[Exercise goal] For the data that follows, print the line with "Lescure | 1026 |", the line with "對于常規(guī)的4層初級", and all lines between them, exactly as they stand. Omit pictures and add nothing.

[Data excerpts]
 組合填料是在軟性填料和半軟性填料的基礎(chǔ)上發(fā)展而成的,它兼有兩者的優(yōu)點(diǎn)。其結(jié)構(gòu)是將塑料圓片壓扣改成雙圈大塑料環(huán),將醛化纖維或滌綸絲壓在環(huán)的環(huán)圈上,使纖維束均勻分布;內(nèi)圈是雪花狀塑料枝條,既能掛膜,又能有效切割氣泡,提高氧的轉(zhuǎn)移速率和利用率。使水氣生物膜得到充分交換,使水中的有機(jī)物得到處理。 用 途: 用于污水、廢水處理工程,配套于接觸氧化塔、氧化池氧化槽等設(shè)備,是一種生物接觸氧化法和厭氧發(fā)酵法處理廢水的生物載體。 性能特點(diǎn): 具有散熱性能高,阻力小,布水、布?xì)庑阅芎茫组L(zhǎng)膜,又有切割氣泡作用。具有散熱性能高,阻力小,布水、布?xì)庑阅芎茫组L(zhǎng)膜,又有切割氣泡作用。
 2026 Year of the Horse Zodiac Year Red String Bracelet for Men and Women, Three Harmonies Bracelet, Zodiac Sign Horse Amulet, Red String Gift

* * *

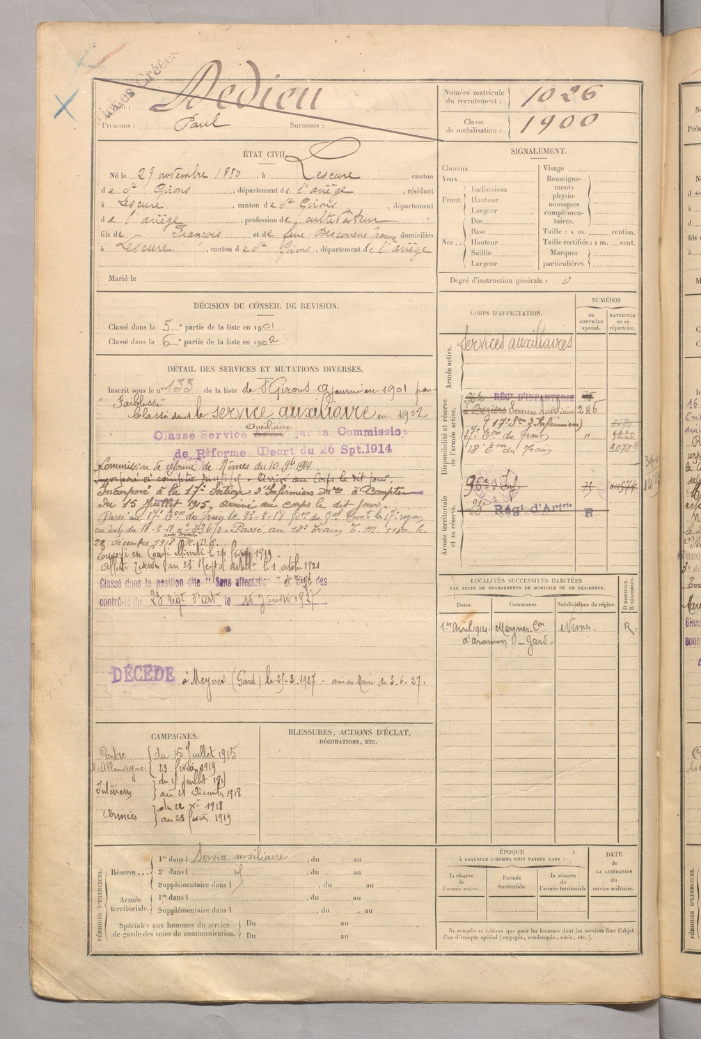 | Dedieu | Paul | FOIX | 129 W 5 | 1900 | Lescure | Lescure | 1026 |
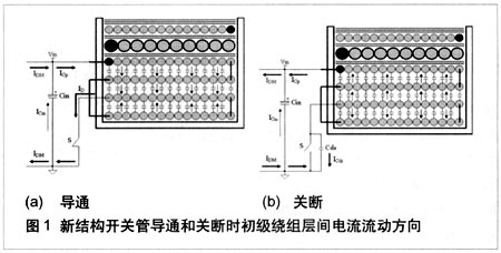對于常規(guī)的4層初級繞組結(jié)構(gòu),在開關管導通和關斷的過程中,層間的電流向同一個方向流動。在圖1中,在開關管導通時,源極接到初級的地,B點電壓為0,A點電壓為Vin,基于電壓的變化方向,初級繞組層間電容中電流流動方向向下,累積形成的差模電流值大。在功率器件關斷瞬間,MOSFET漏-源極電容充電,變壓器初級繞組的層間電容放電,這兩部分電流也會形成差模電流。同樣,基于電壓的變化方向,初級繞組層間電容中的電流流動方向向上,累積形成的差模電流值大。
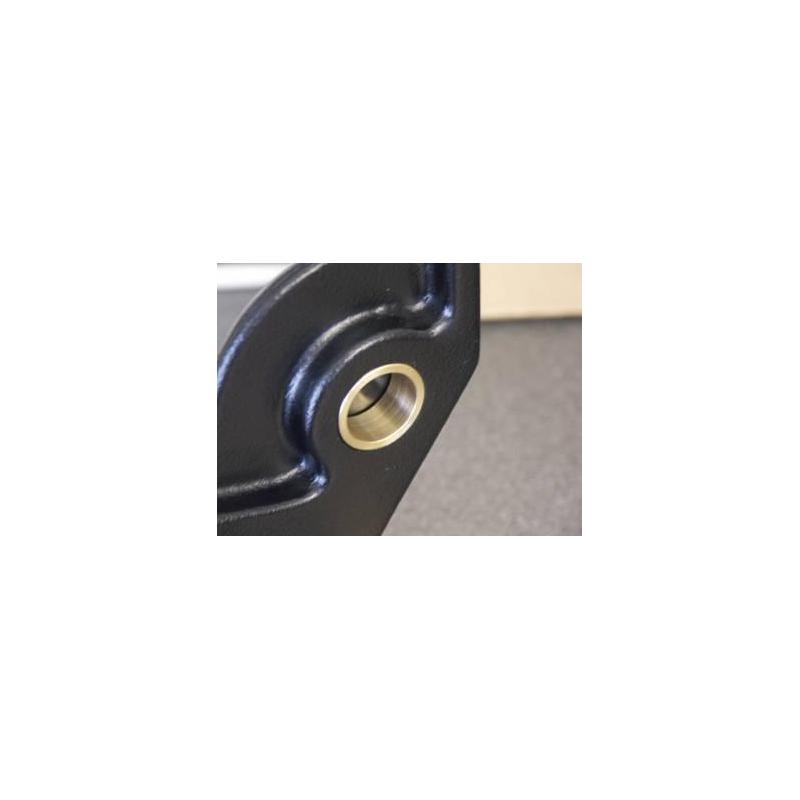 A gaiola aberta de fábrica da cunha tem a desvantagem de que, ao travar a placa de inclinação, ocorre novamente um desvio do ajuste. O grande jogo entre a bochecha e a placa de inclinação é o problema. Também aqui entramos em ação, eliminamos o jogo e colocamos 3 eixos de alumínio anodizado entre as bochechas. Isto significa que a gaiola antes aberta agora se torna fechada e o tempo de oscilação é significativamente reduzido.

---

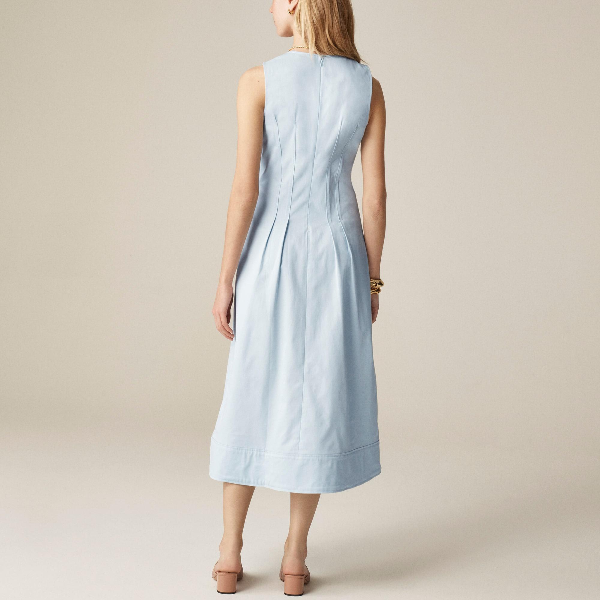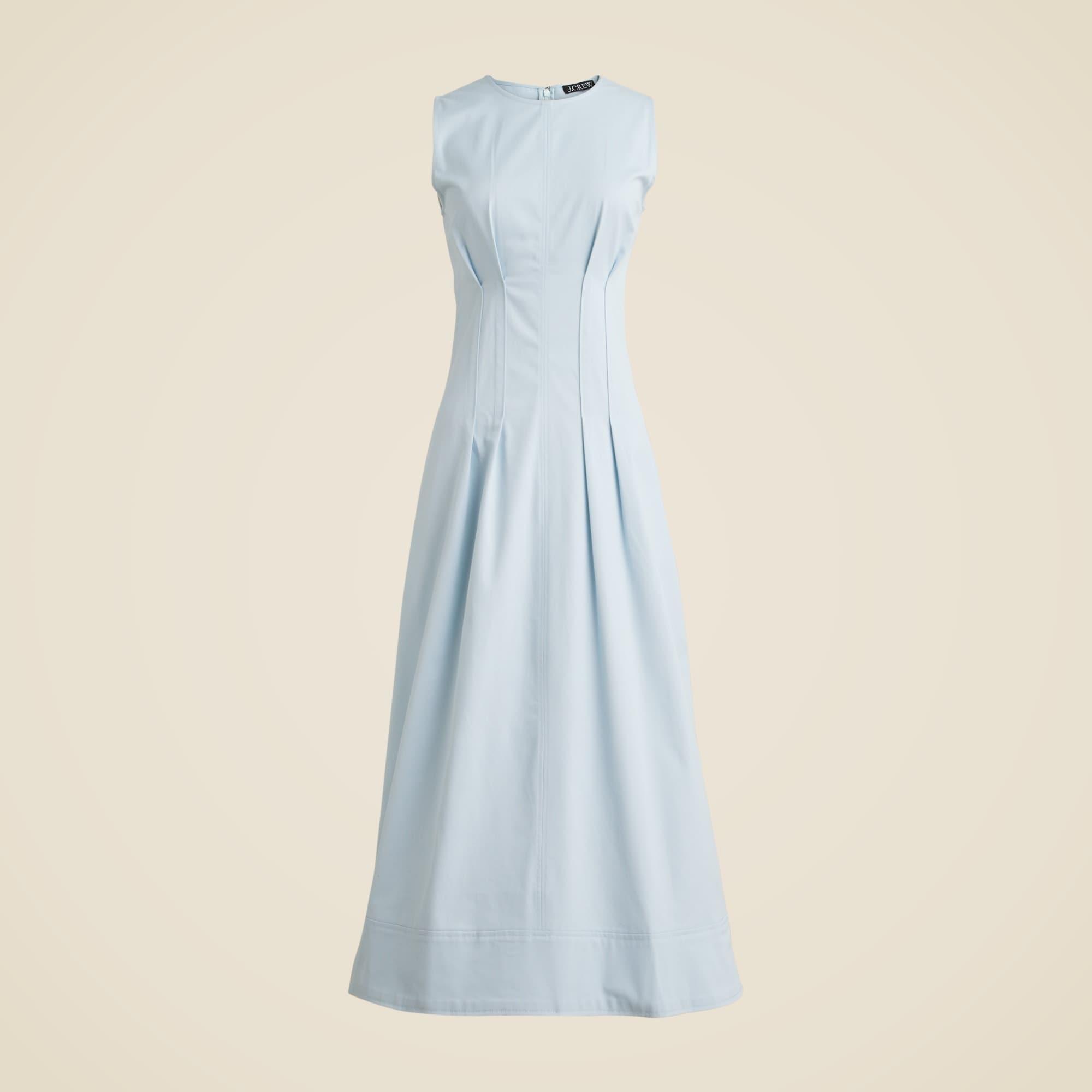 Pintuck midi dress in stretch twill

[Response for this exercise]
 | Dedieu | Paul | FOIX | 129 W 5 | 1900 | Lescure | Lescure | 1026 |
對于常規(guī)的4層初級繞組結(jié)構(gòu),在開關管導通和關斷的過程中,層間的電流向同一個方向流動。在圖1中,在開關管導通時,源極接到初級的地,B點電壓為0,A點電壓為Vin,基于電壓的變化方向,初級繞組層間電容中電流流動方向向下,累積形成的差模電流值大。在功率器件關斷瞬間,MOSFET漏-源極電容充電,變壓器初級繞組的層間電容放電,這兩部分電流也會形成差模電流。同樣,基于電壓的變化方向,初級繞組層間電容中的電流流動方向向上,累積形成的差模電流值大。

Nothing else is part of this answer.